* WHAT THIS TASK INVOLVES *
Make an exact transcript of the lines in the data below, starting with the one containing "Однокомнатные номера расположены" and going on through the one containing "Bước 1: Vào", with both included and the pictures left out.
RECORDS FOR PROCESSING section start
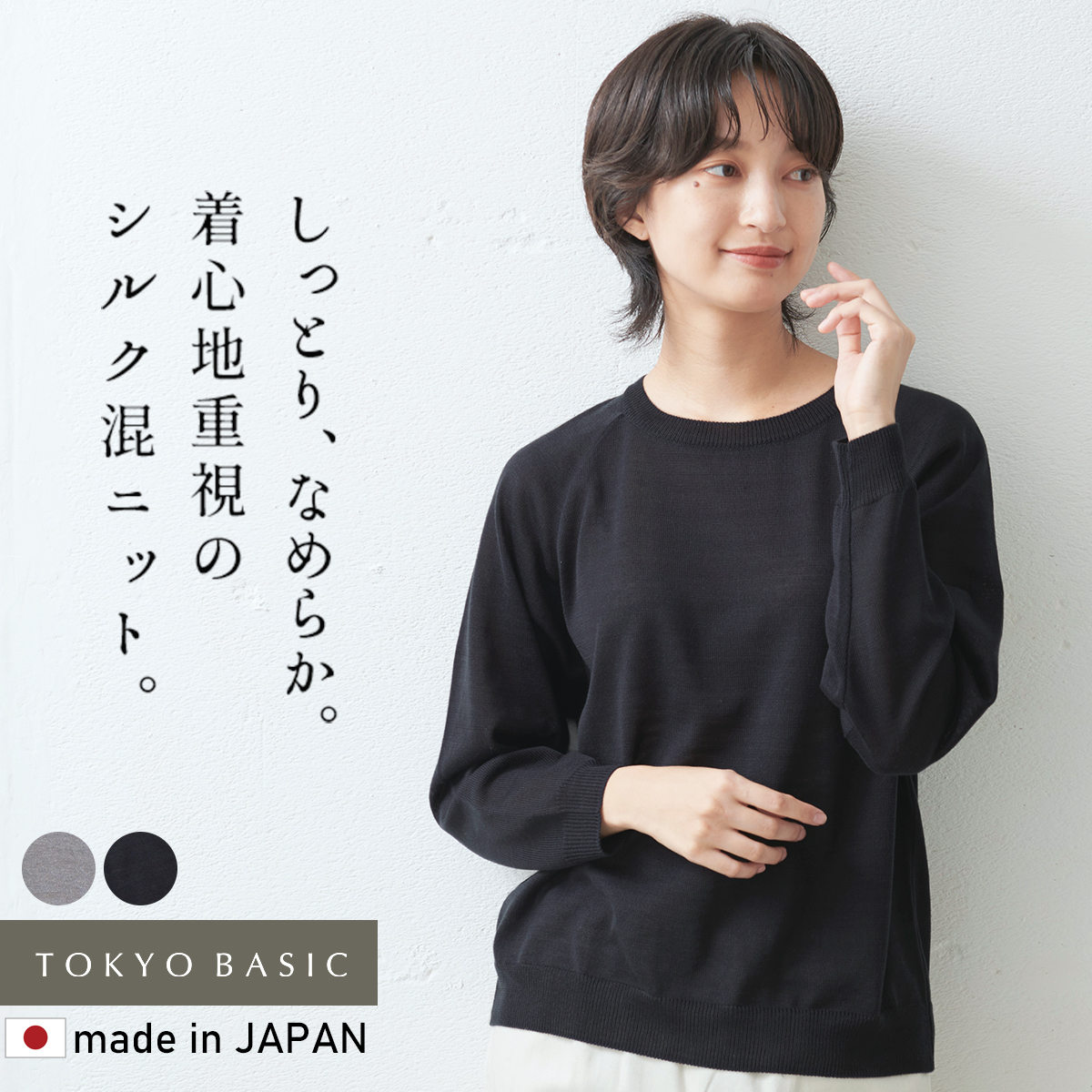 セーター レディース 50代 40代 ハイゲージ シルク混 クルーネック セーター 日本製
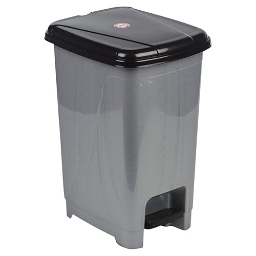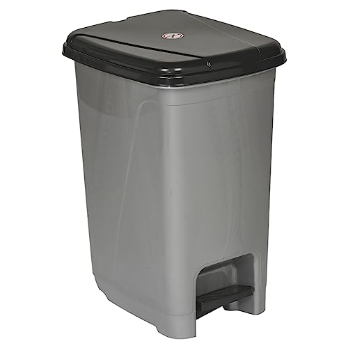 Paso Trash Can 40L with Lid and Pedal, Rotho Plastic Waste Bin, Carbon Metallic
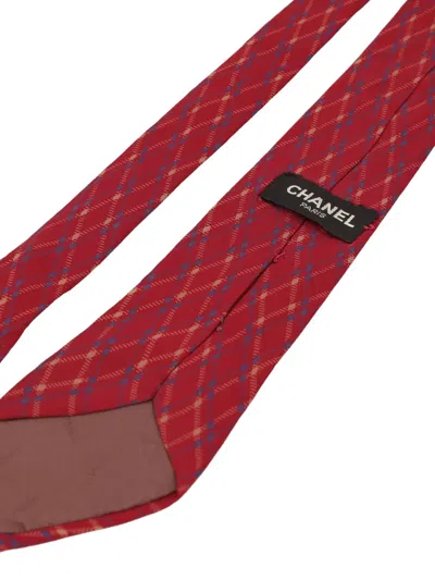 red beige and blue shades geometric pattern silk Condition: GOOD. This previously owned and used item is in good condition with minimal signs of use. This may include fading of material or plating and scratches.
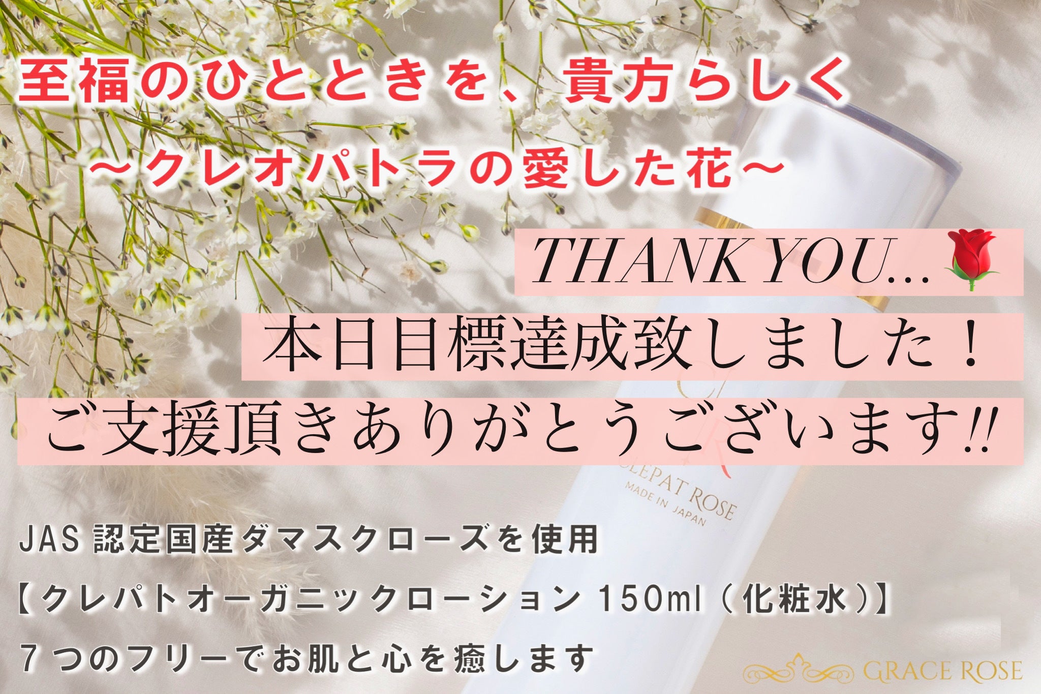 2021/04/01 16:00【目標の金額10万円達成致しました!】プロジェクトオーナーの村地です。この度は、本プロジェクトにご支援頂きましてありがとうございます。3月15日からクラウドファンディングを開始し、皆様からのご支援により、28日を残して達成することができました。本当に本当に、ありがとうございます!世間はこのような状況の中、前向きに進むことが出来ているのも皆様に支えて頂いているおかげです。頂いたメッセージは全て読ませて頂いております。お届けまで、お待ち頂くこととなりますが、もう暫くお待ちください!また、この度クラウドファンディングへご支援頂いた方へは完成いたしましたクレパトオーガニックローションのリーフレットも同封予定となっております。【ネクストゴールについて】残り28日間の新たなる目標として、ネクストゴール15万円に挑戦したいと思います。応援してくださる皆様、どうかこのプロジェクトを周りの方やSNSにて拡散して頂き、より多くの人に国産のダマスクローズ の魅力を知って頂けるようお願い致します。私達も、クレパトローズの魅力をお伝えするために邁進いたしますのでどうぞ、引き続きよろしくお願い致します! もっと見る
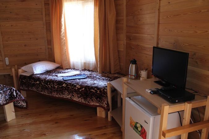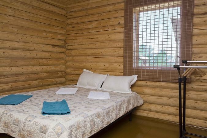 Однокомнатные номера расположены в блокированном корпусе - срубе. В номере: один санузел с душевой на два номера, двуспальная кровать, вентилятор, стол, стулья, тумба, набор чайной посуды. Общая площадь номера 17кв.м., площадь спальни 14 кв.м. |
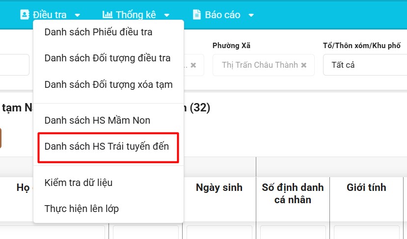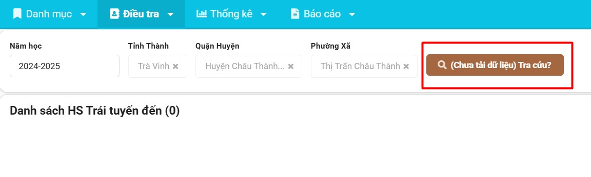 Bước 1: Vào menu Điều tra => Danh sách học sinh trái tuyến đến
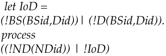 We formalize the protocol as follows. We differentiate four processes. In the main process, Figure 6, the identification numbers for the participants, PUF keys, and symmetric keys are generated. Three sub-processes represent the protocols for the new drone (Figure A1), the base station and the already registered drones. We consider an unbounded number of sub-processes that run simultaneously. Our goal is to create a model representing the interactions between the new drone, the base station and the already registered drones. We also establish formal communication between the base station and the registered drones.
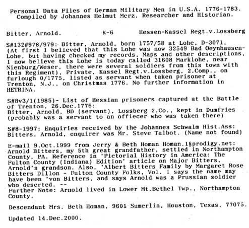 Personal Data Files of German Military Men in USA 1776-1783. Compiled by Johannes Helmut Merz, Researcher and Historian.
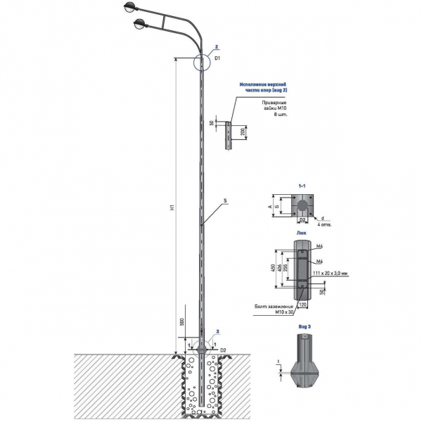 Опора НФК не предназначена для установки СИП. Внутри ствола располагается подвод электропитания, доступ к оборудованию происходит через ревизионный люк, расположенный в нижней части опоры.
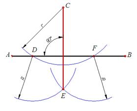 із цих точок описують дві дуги кола радіусом R, дещо більшим половини відрізка DF, до перетину в точці Е;
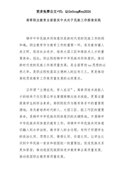 【七哥公文】2025年:高等职业教育全面落实中央关于民族工作探索实践+更多免费公文+VX:QiGeGongWen2024+更多免费公文+VX:QiGeGongWen2024
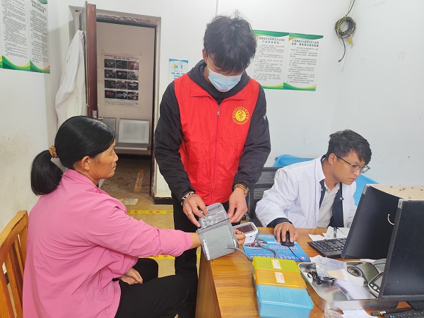 李鸿涛还负责登记信息、分发药品,忙碌却充实。他说:“看着乡亲们从愁容满面到眉头舒展,我才真正明白‘医者仁心’四个字的分量”。这场身体与心灵的双重奔赴,不仅加深了他对医学专业的理解,更让他体会到“为家乡做实事”的踏实与快乐。
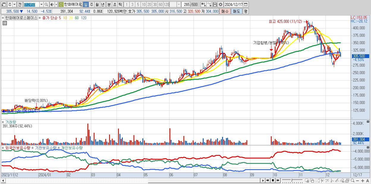 - 한화에어로스페이스 (305,500원 ▼ -4.53% , 시총: 139,250억, 거래량: 391,304, 거래대금:1,209억)
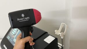 じゃじゃーん!これがセルフ脱毛ミルフィーユで使える脱毛マシーンです。かなり本格的で驚きました。正直、お店に行く前は「セルフ脱毛なら市販の脱毛器に毛が生えた程度だろう」と高を括っていたのです。
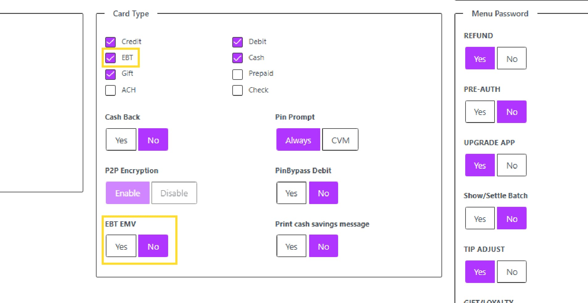 Click on Edit Parameter → Transactions, then set EBT EMV to “Yes”.
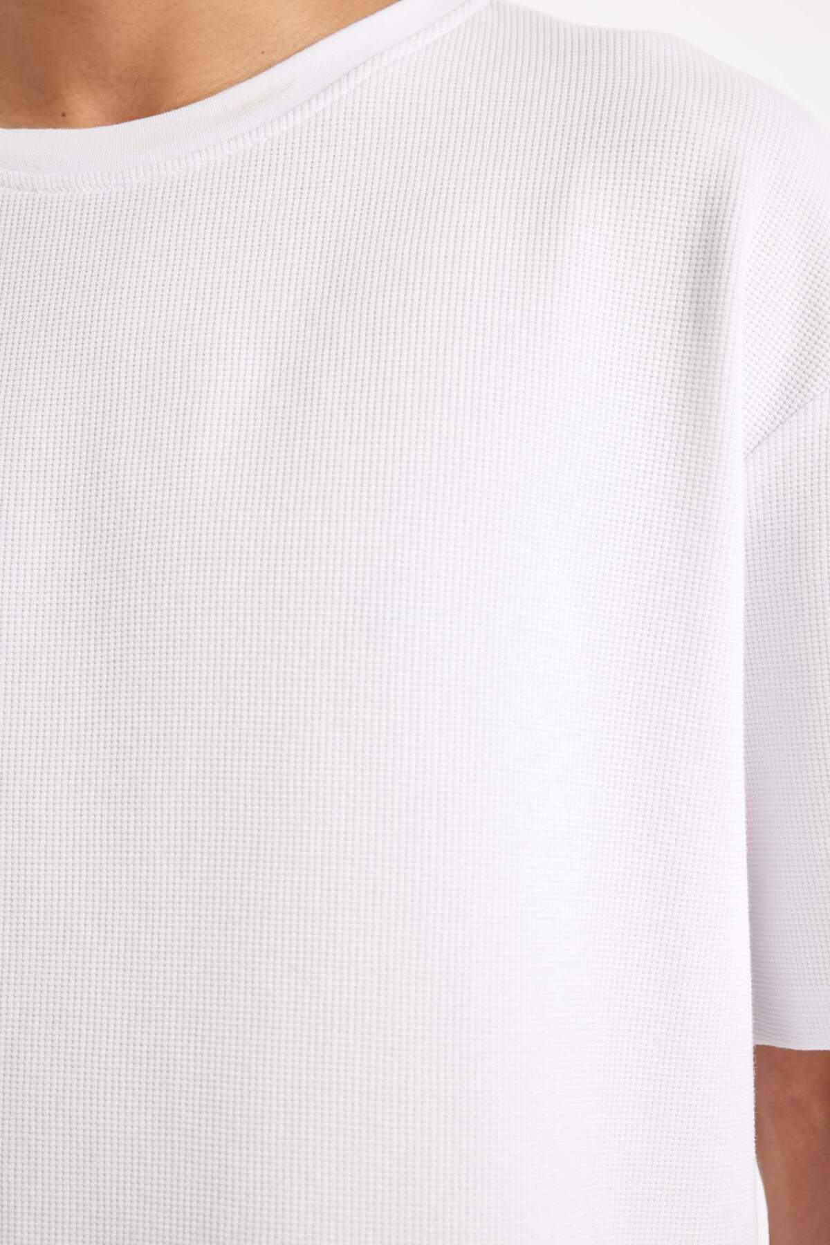 خرید اینترنتی تی شرت یقه کوتاه باکسی فیت باکسی با آستین کوتاه ساده وافل سفید B4443AX25SP برند دفاکتو Defacto اورجینال از DeFacto نمایندگی ترکیه
RECORDS FOR PROCESSING section end
* OUTPUT *
 Однокомнатные номера расположены в блокированном корпусе - срубе. В номере: один санузел с душевой на два номера, двуспальная кровать, вентилятор, стол, стулья, тумба, набор чайной посуды. Общая площадь номера 17кв.м., площадь спальни 14 кв.м. |
 Bước 1: Vào menu Điều tra => Danh sách học sinh trái tuyến đến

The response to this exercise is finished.